The young man's tale, punctuated with the haunting refrain "If I could but shudder," is spliced with a vaudevillian telling of another Grimm story; all three tales highlight miscommunication between parents and children and, as typifies unsanitized Brothers Grimm, all are violent, teaching lessons learned the hard way. Happy endings and neat morals were added in later, diluted versions.

Grotowski's 1968 influential Towards a Poor Theatre is required college reading, which along with the cast's youth gives By Grimm a collegiate, self-consciously fringy feel; their committed writhing, grunting, crawling and moaning are reminiscent of an undergraduate acting class, making By Grimm about displaying actors' skills more than storytelling or audience connection. Though we're seated onstage surrounding the action, we don't feel a part of By Grimm.
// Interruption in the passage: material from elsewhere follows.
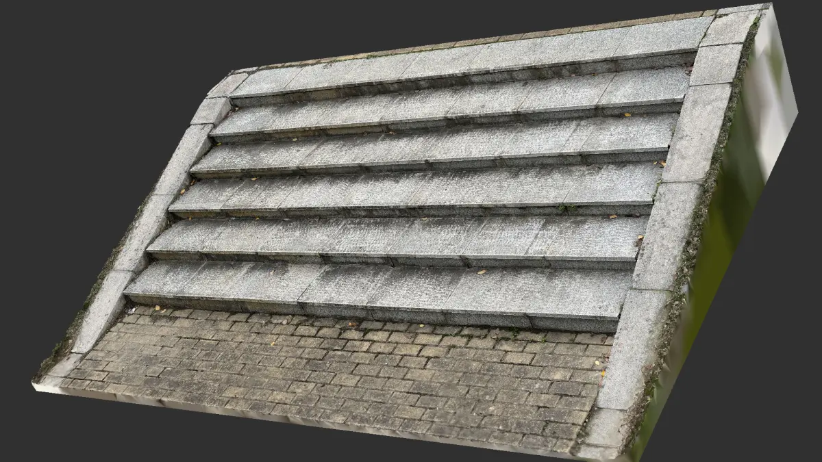 - Long steps in the park. steps. stairs. 3d scanning step. 3d scanning stair. Floor tile steps.Steps with leaves in the park.
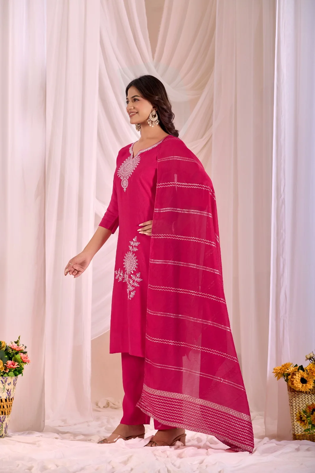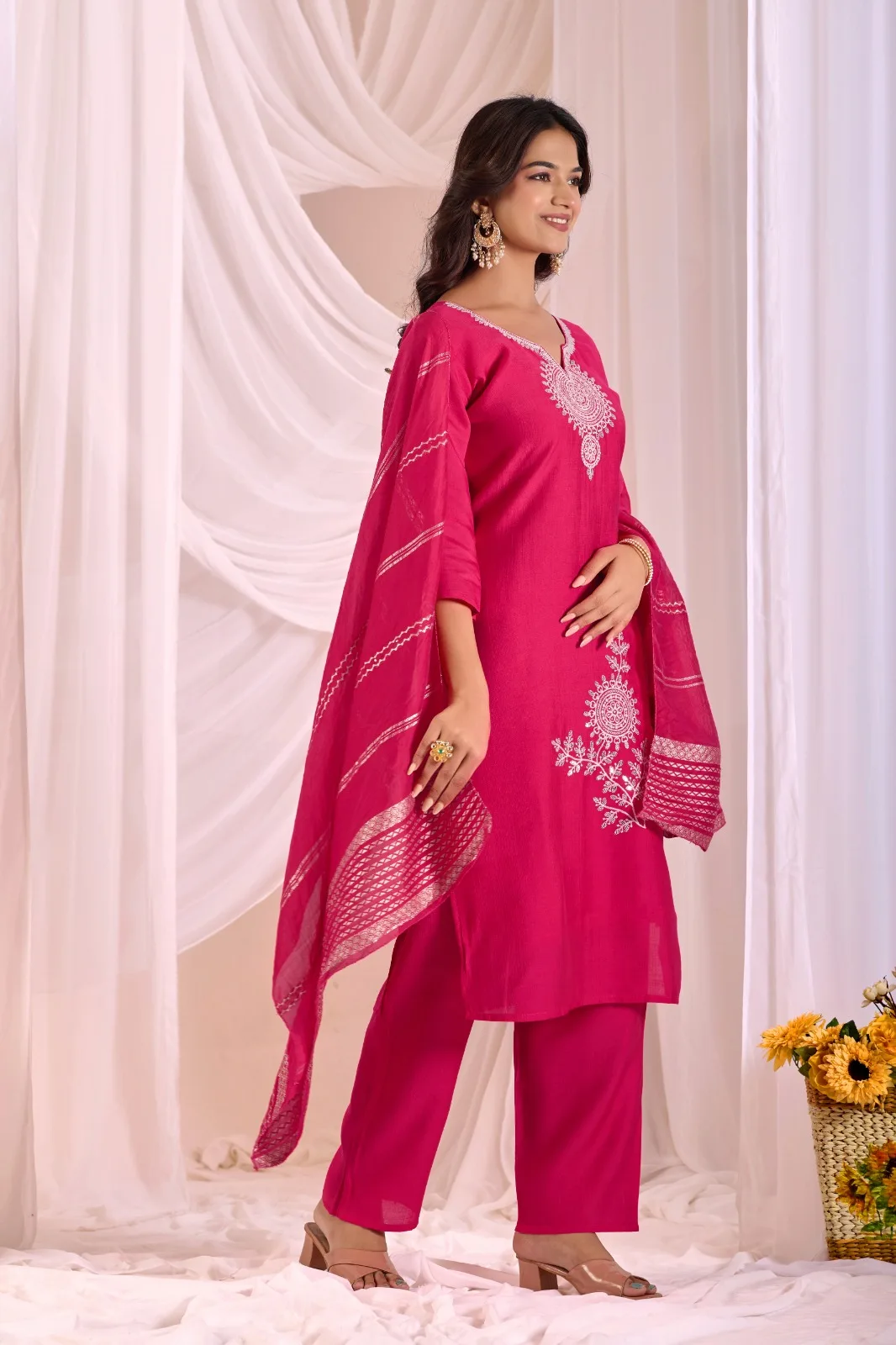 Elevate your ethnic style with this Silk Blend kurta set, featuring intricate floral embroidery . Designed with a flattering V-neckline, three-quarter sleeves, and a straight cut, this 44-inch kurta pairs beautifully with matching slim-fit pants and a flowing dupatta for a graceful, festive-ready look. Perfect for weddings, parties, and special occasions, this outfit blends elegance with comfort.

Lisak's athletic staging, supplemented by Steele and Schier's fight choreography and a frenetic variety of music and sound effects, tells the central tale inventively, but (like a lot of Fringe shows) seems more a style statement than a unified, justified theater piece.

A handwritten sign at the entrance asks, "What mask are you wearing now?" The answer in By Grimm is Grotowski's, and it's an awkward fit; the approach overwhelms the material's potential, as the Grimm tales' contemporary resonance about the nature and consequences of fear (and the lack of it) is left under/unexplored.